About this task - Required from the data below: the exact lines starting at the line containing "Nach empfehlenswerter Curry" and ending at the line containing "Każdy z domków", with both ends kept and all pictures dropped.

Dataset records
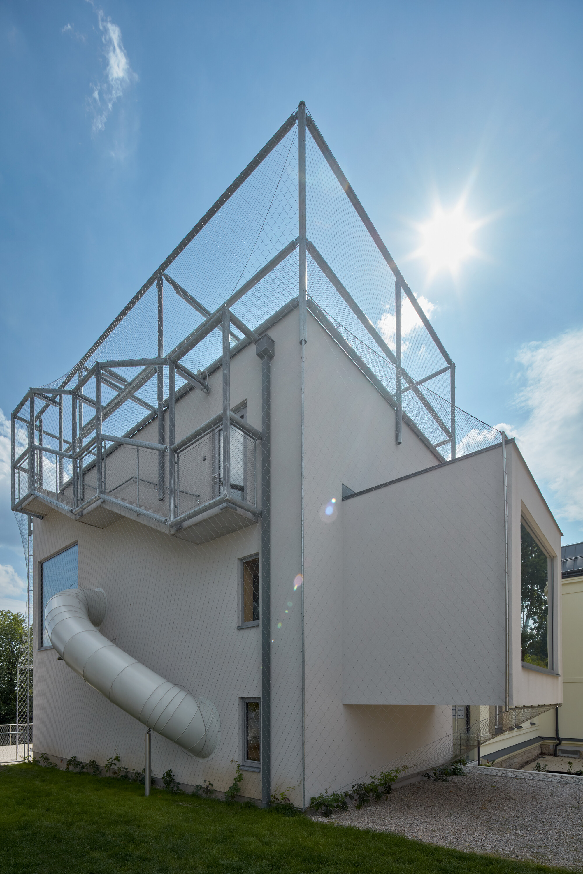 Prístavba škôlky z dielne ateliéru Mjölk architekti, šitá na mieru nespútanému pohybu detí a ich zvedavosti. Klient, ktorým je mesto Jablonec nad Nisou, ukazuje, že predškolské zariadenia z verejných zdrojov môžu vyzerať aj inak ako nudné typové "krabice". Architekti z libereckého kolektívu vytvárajú neobvyklé spojenie medzi budovami, priehľady v interiéri, herňu na streche, alebo šmýkačku "vybiehajúcu" do exteriéru...
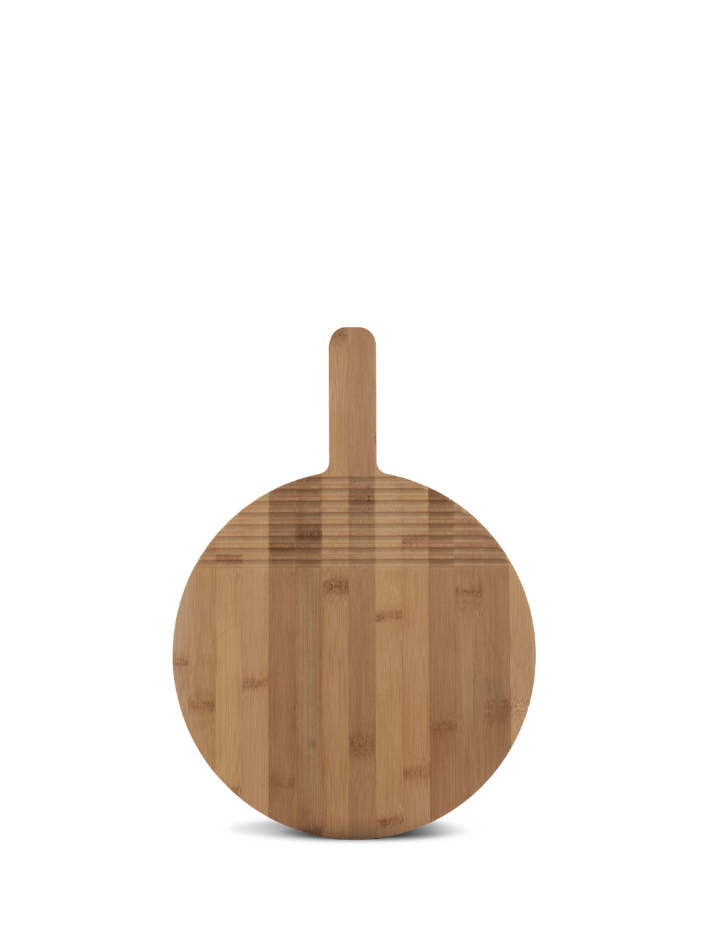 Skippa plasten och gör ett hållbart val med en skärbräda i bambu. Bambu är en snabbväxande och förnybar resurs med många fördelar. Materialet är starkt och naturligt antibakteriellt. Dessutom kräver odlingen lite vatten och sker utan bekämpningsmedel och konstgödsel. Denna runda skärbräda i bambu är formgiven av Anton Björsing. Brädan har ett gediget handtag för servering och skåror som är en kombination snygg detalj och praktisk funktion, då de ser till att verktyg inte glider av lika enkelt.
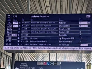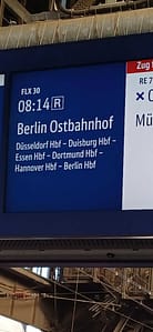 Nach empfehlenswerter Curry mit Haussoße und zusätzlicher Schrippe für F. suchten wir uns ein sonniges Plätzchen in schlagweite des lauschigen gesundbrunnener Verkehrsknotenpunktes und genossen unsere mitgebrachten Kaltgetränke. Wir hatten schließlich Zeit, denn der flixe Train hatte 55 Minuten Verspätung in Aussicht gestellt. Unverhofft wurde die Zeit dann aber doch noch knapp. Es war nun Eile plötzlich geboten, um die für uns bereit gestellten Plätze im Wagon 9, den letzten des Zug, einzunehmen.
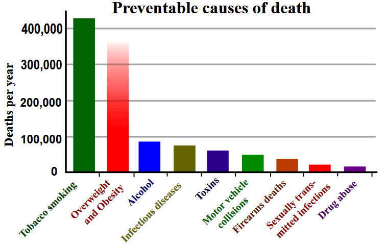 Together with the other leading causes of preventable deaths in the US—such as drugs and motor vehicle accidents—this means that about a million American lives are needlessly lost every single year, mostly from tobacco, followed by overeating and alcohol.
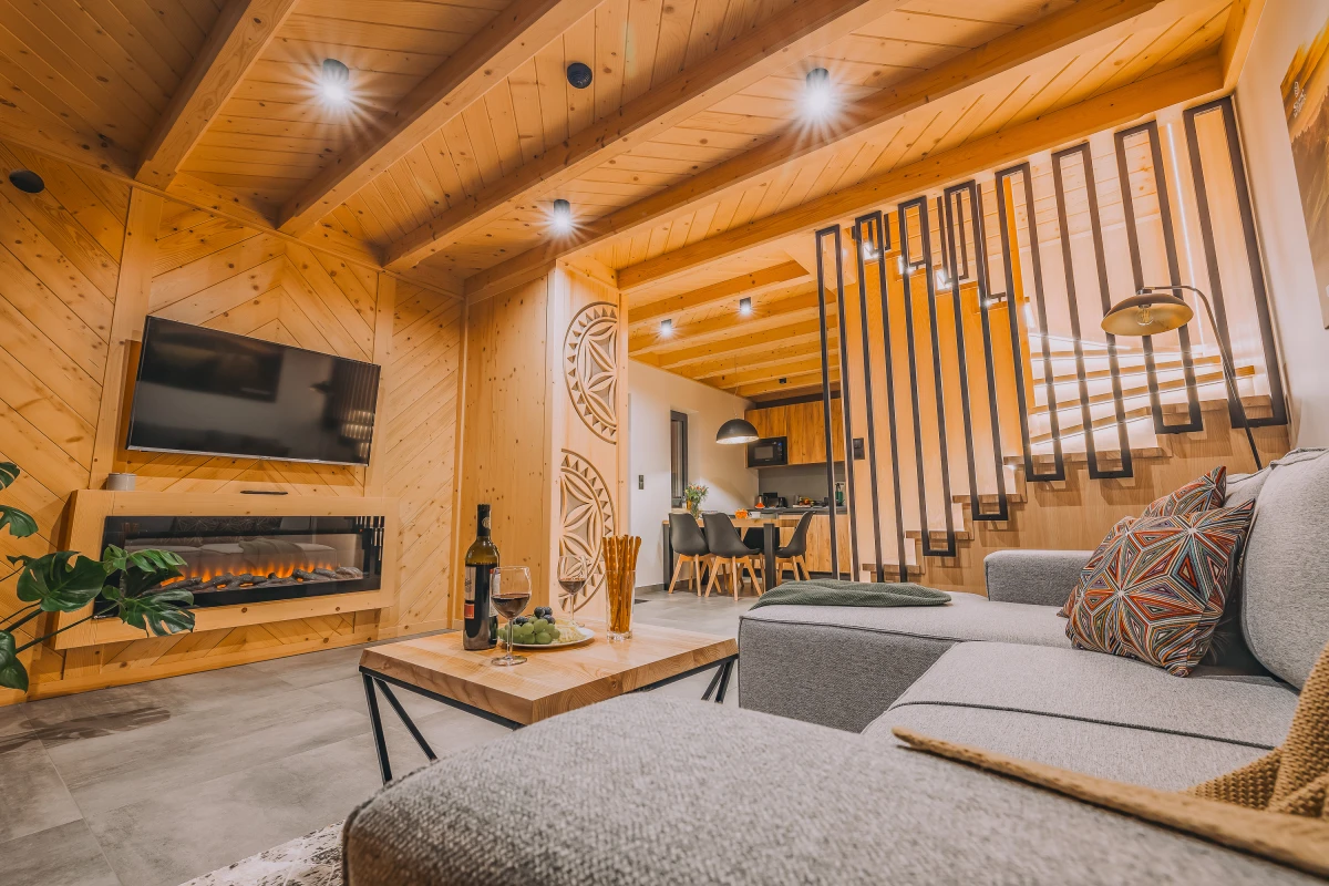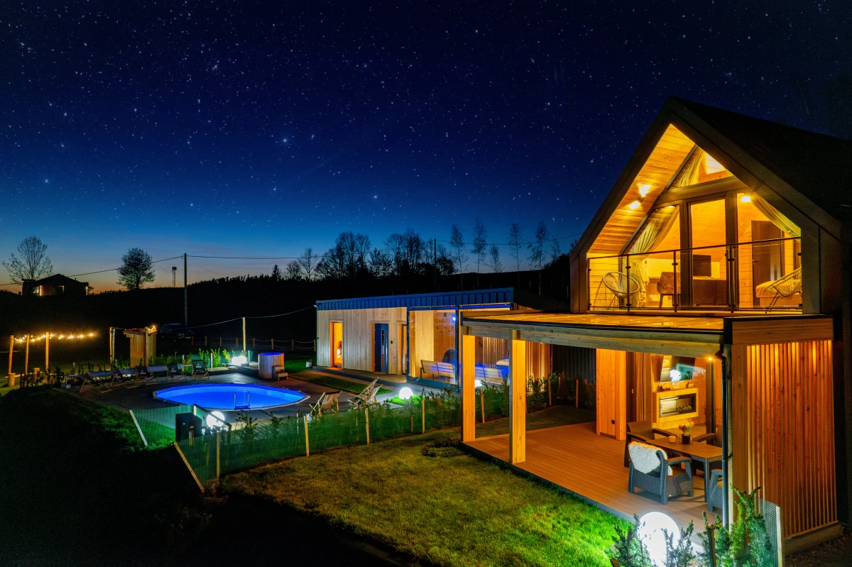 Każdy z domków jest znakomicie wyposażony. Oprócz wszystkiego, co niezbędne w kuchni, znajdziecie tutaj pralkę, suszarkę na pranie, deskę do prasowania, żelazko, szybkie wifi, a długie wieczory umili wam ulubiony serial na Netflix.
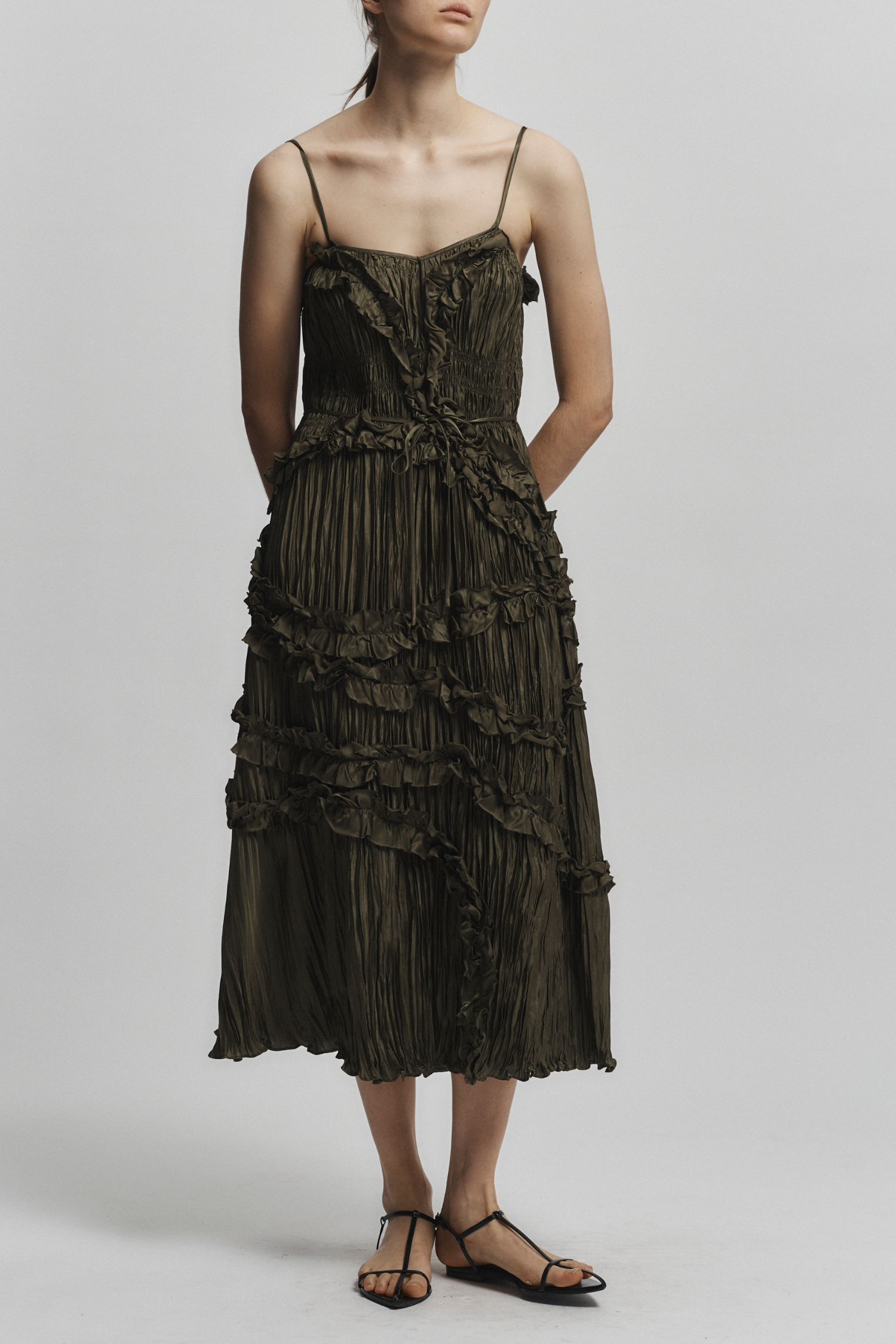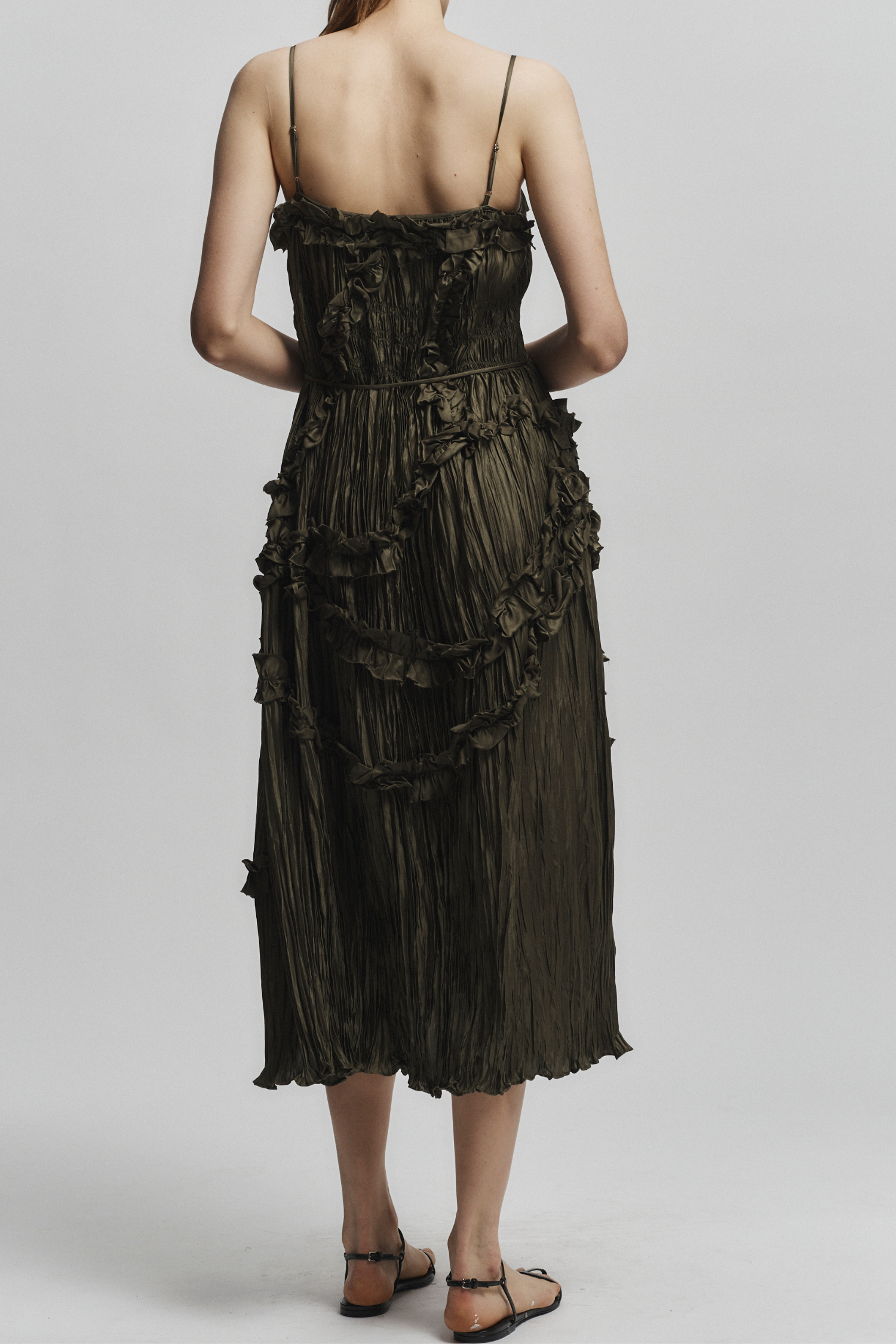 Elevate your style with our Bella Ruched Midi Dress in Olive. The ruched and ruffled viscose fabric adds a feminine touch to this dress, while the sweetheart neckline and adjustable straps allow for a customizable fit. Complete with a removable tie at the waist, this dress is girly, sophisticated, and sure to make a statement.

Written response -
 Nach empfehlenswerter Curry mit Haussoße und zusätzlicher Schrippe für F. suchten wir uns ein sonniges Plätzchen in schlagweite des lauschigen gesundbrunnener Verkehrsknotenpunktes und genossen unsere mitgebrachten Kaltgetränke. Wir hatten schließlich Zeit, denn der flixe Train hatte 55 Minuten Verspätung in Aussicht gestellt. Unverhofft wurde die Zeit dann aber doch noch knapp. Es war nun Eile plötzlich geboten, um die für uns bereit gestellten Plätze im Wagon 9, den letzten des Zug, einzunehmen.
 Together with the other leading causes of preventable deaths in the US—such as drugs and motor vehicle accidents—this means that about a million American lives are needlessly lost every single year, mostly from tobacco, followed by overeating and alcohol.
 Każdy z domków jest znakomicie wyposażony. Oprócz wszystkiego, co niezbędne w kuchni, znajdziecie tutaj pralkę, suszarkę na pranie, deskę do prasowania, żelazko, szybkie wifi, a długie wieczory umili wam ulubiony serial na Netflix.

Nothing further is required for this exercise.